自信は波及する
仕事と恋愛に関する自己評価は、人によって大きく異なっている。
仕事ができるという自己評価と、恋愛ができるという自己評価は、どちらかに偏っている人が多いはずだ。
これは仕事が能力肯定と、恋愛が自己愛と関係しているからだ。
ところが、この二つの自己評価は、完全に独立していて無関係なのかというと、そうでもない。
仕事がばりばりできて自信満々な人でも、恋愛で失敗すると途端に自信がなくなり、生きている価値がないように思い始めたりする。
逆に恋愛がうまく行ったために、意欲がなかった仕事でも、真剣に取り組めるようになる場合もある。
もちろん仕事がうまく行かないと、恋愛の方もうまく行かなくなる場合もあるだろう。
さらにこれは、仕事と恋愛の関係に留まらない。
たとえば一番自信を持っていた分野で大きな失敗をすると、それとは全く関係ない分野での自信もなくなったりする。
逆に、何事に関しても自信が持てなかった人でも、ある特定の分野で脚光を浴びて自信を持つと、急にやる気を出して、がんばれるようになったりする。
「とうとう自分にも得意分野が見つかった!」、「自分にも生きる価値があった!」という感じで、目の輝きまでもが変わってきたりする。

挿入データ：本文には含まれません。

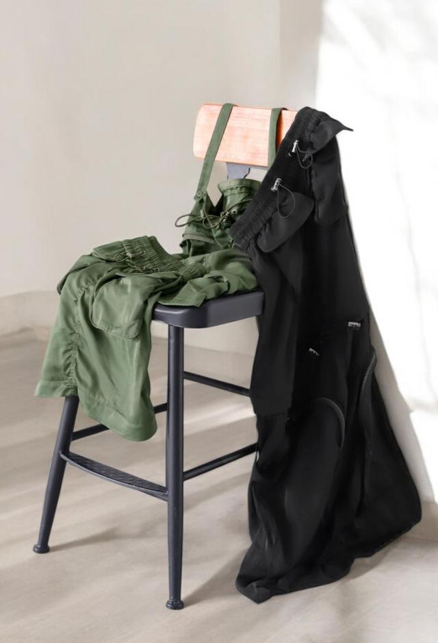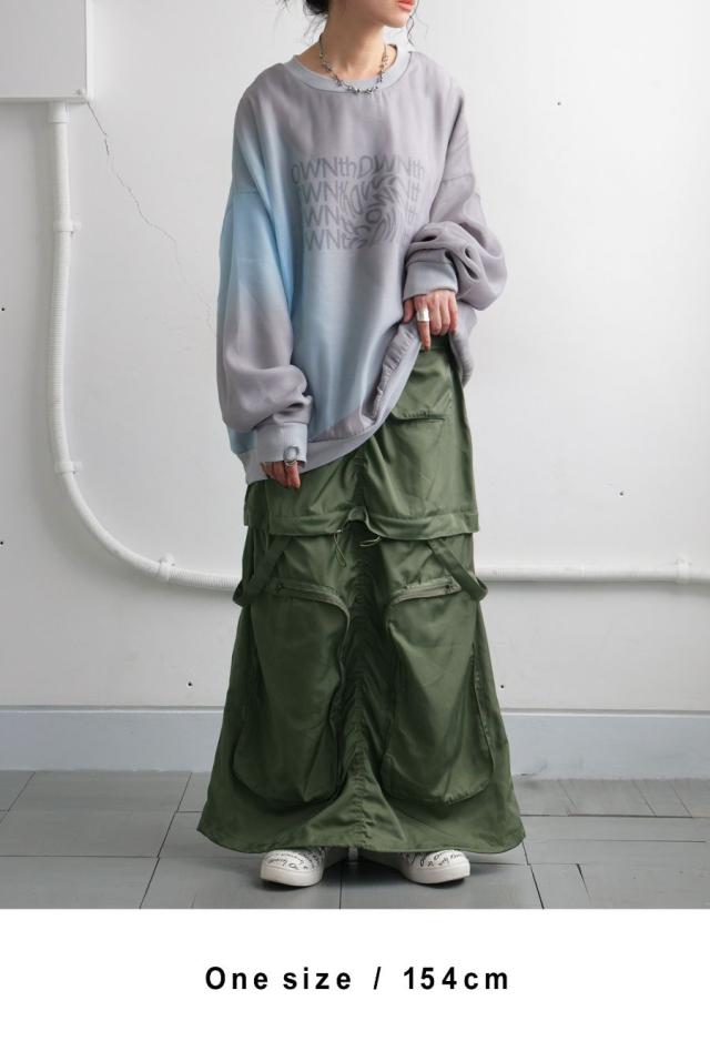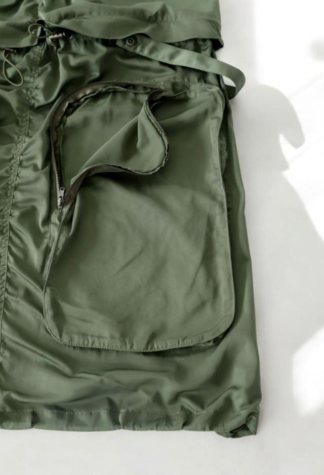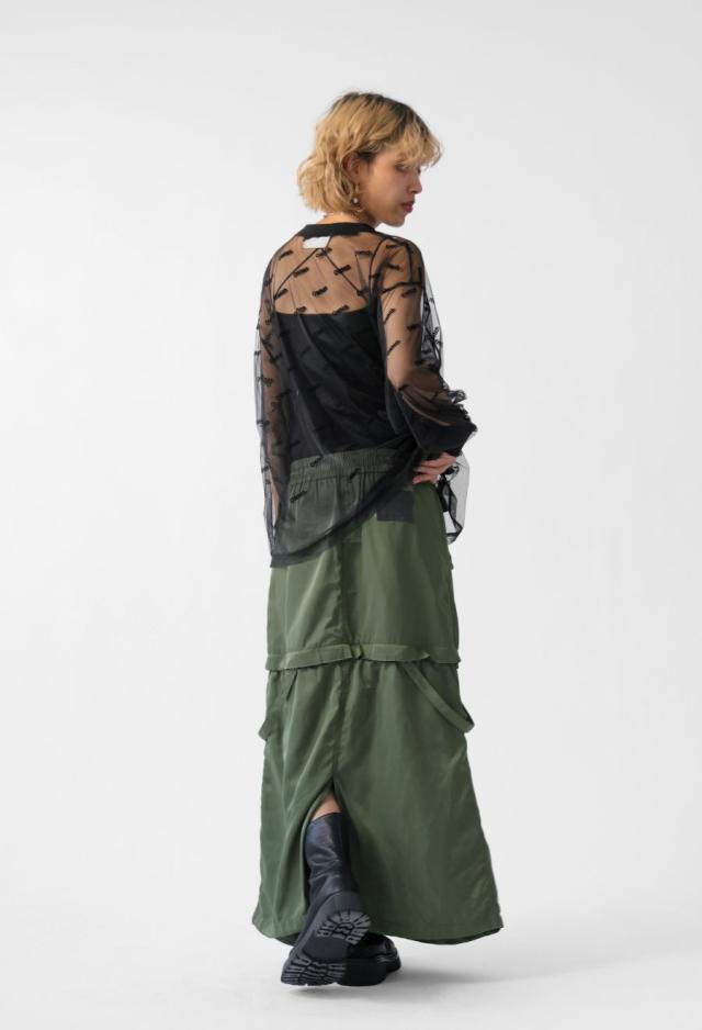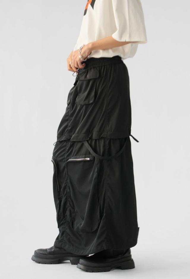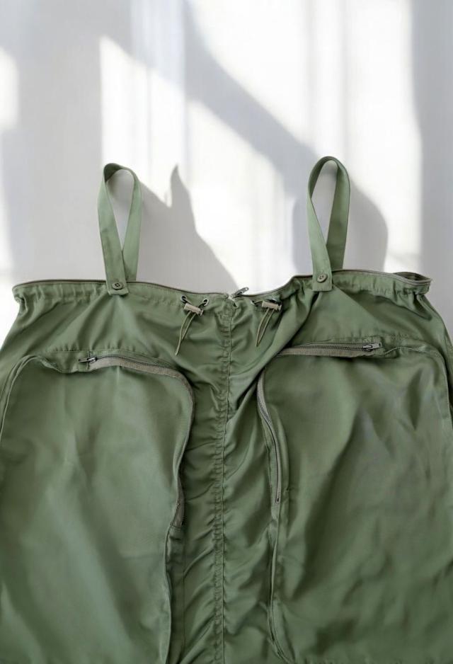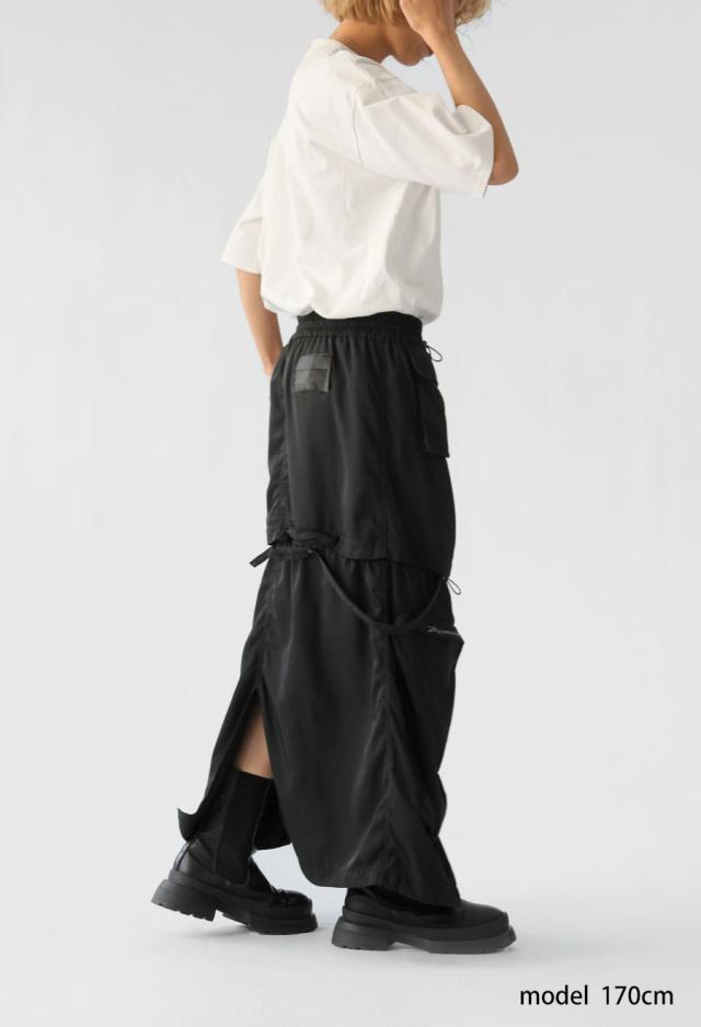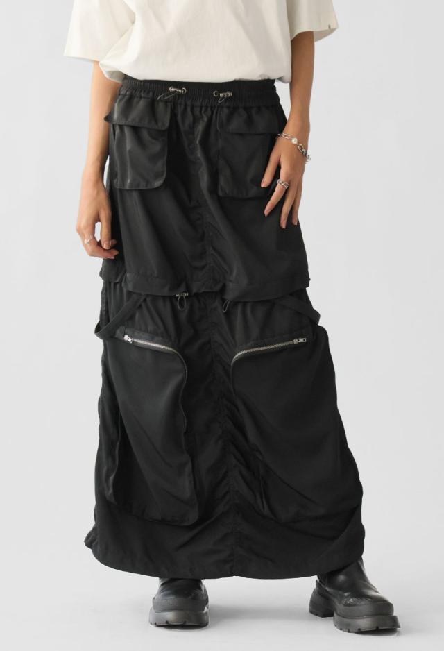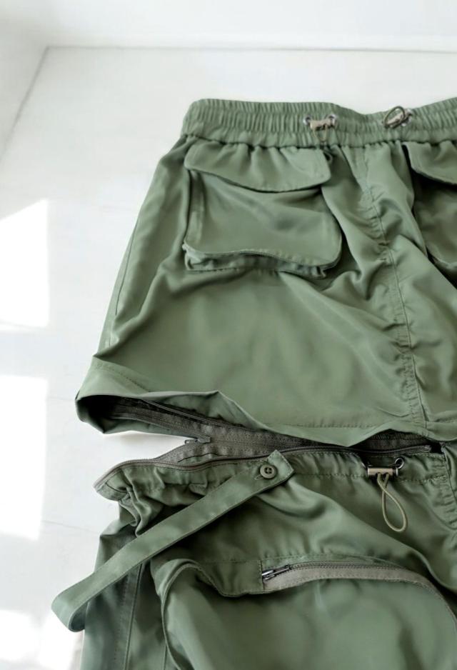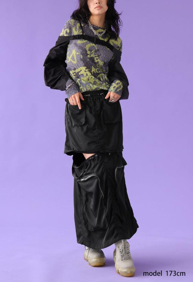ジップで上下を分ければ、ミニスカートとキャミソール風トップスに変形可能な3WAYミリタリースカート。

たった一つのジャンルで自信を持てるようになるだけで、他のジャンルでも努力する余裕ができ、自信が波及するわけだ。
相対的な自己評価は、何で決まるのか
自己評価は、複数の要素で成り立っている。
となると総合的な自己評価は、一体何で決まるのだろう?総合的な自己評価は、実はたった一つの分野で決まると言う研究者もいる。
というのも、世間的には大成功していて、なんの引け目も感じないような状態の人でも、どことなく自信がないタイプの人もいるからだ。
こういうタイプの人というのは、自分が最も重要視している分野で自己評価を決めている。
つまり自己評価の基準が一つしか無くて、その分野での成功がなければ、他が全てうまくいっていても自己評価が上がらないのだ。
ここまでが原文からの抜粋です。